On March 21, 2013, the Company commenced a cash tender offer for any and all of its outstanding 7  3/4% Senior Notes due 2017 (the “2017 Notes”) on the terms and subject to the conditions set forth in the Offer to Purchase and Consent Solicitation Statement dated March 21, 2013 (the “Statement”). The tender offer will expire at 11:59 p.m., New York City time, on April 17, 2013, unless extended or earlier terminated. The tender offer is subject to customary conditions, including, among other things, a requisite consent condition and a financing condition. In conjunction with the tender offer, and on the terms and subject to the conditions set forth in the Statement, the Company is soliciting consents from the holders of the 2017 Notes to effect certain proposed amendments to the indenture governing the 2017 Notes. The proposed amendments would eliminate substantially all of the restrictive covenants and certain events of default provisions in the indenture governing the 2017 Notes. The consent solicitation will expire at 5:00 p.m., New York City time, on April 3, 2013, unless extended or earlier terminated.

On March 21, 2013, the Company issued a press release announcing the commencement of the tender offer. The press release is furnished herewith as Exhibit 99.2 and is incorporated herein by reference.
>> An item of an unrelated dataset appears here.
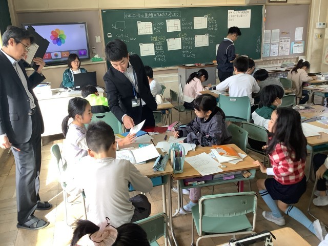 「3のかたまりを数えたらどうかな」「正方形と長方形に分けられるよ」グループで学び合いながらどのように計算するのかを考えました。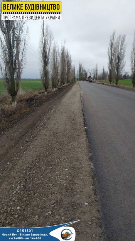 На місцевій дорозі О151501 Новий Буг-Вільне Запоріжжя, км 7+000 - км 14+400 дорожні працівники влаштовують узбіччя із щебенево-піщаної суміші. Роботи планують завершити до кінця поточного року.

Cautionary Statement Regarding Forward-Looking Statements

This Current Report on Form 8-K contains statements as to the Company’s beliefs and expectations of the outcome of future events that are forward-looking statements as defined within the meaning of the Private Securities Litigation Reform Act of 1995. These forward-looking statements are subject to risks and uncertainties that could cause actual results to differ materially from the statements made. These include, but are not limited to, the risks and uncertainties associated with: (i) the Company’s ability to meet and maintain REIT qualification tests; (ii) general economic and market conditions, including the impact governmental budgets can have on the Company’s per diem rates, occupancy and overall utilization; (iii) the availability of debt and equity financing on terms that are favorable to the Company; (iv) fluctuations in the Company’s operating results because of, among other things, changes in occupancy levels, competition, increases in cost of operations, fluctuations in interest rates and risks of operations; (v) the Company’s ability to obtain and maintain correctional facility management contracts, including as a result


of sufficient governmental appropriations and as a result of inmate disturbances; (vi) changes in the privatization of the corrections and detention industry, the public acceptance of the Company’s services, the timing of the opening of and demand for new prison facilities and the commencement of new management contracts; (vii) the outcome of California’s realignment program and utilization of out of state private correctional capacity; and (viii) increases in costs to construct or expand correctional facilities that exceed original estimates, or the inability to complete such projects on schedule as a result of various factors, many of which are beyond the Company’s control, such as weather, labor conditions and material shortages, resulting in increased construction costs.

 

Item 9.01. Financial Statements and Exhibits.

 

  (d) Exhibits.

 

99.1 Press Release dated March 21, 2013 Announcing Proposed Offering of Senior Notes.

 

99.2 Press Release dated March 21, 2013 Announcing Tender Offer.


SIGNATURE

Pursuant to the requirements of the Securities Exchange Act of 1934, the registrant has duly caused this report to be signed on its behalf by the undersigned, hereunto duly authorized.

 

Date: March 21, 2013     CORRECTIONS CORPORATION OF AMERICA
    By:    /s/ Todd J Mullenger
      Name:   Todd J Mullenger
     

Title:     Executive Vice President and

              Chief Financial Officer


EXHIBIT INDEX

 

Exhibit

  

Description

99.1    Press Release dated March 21, 2013 Announcing Proposed Offering of Senior Notes.
99.2    Press Release dated March 21, 2013 Announcing Tender Offer.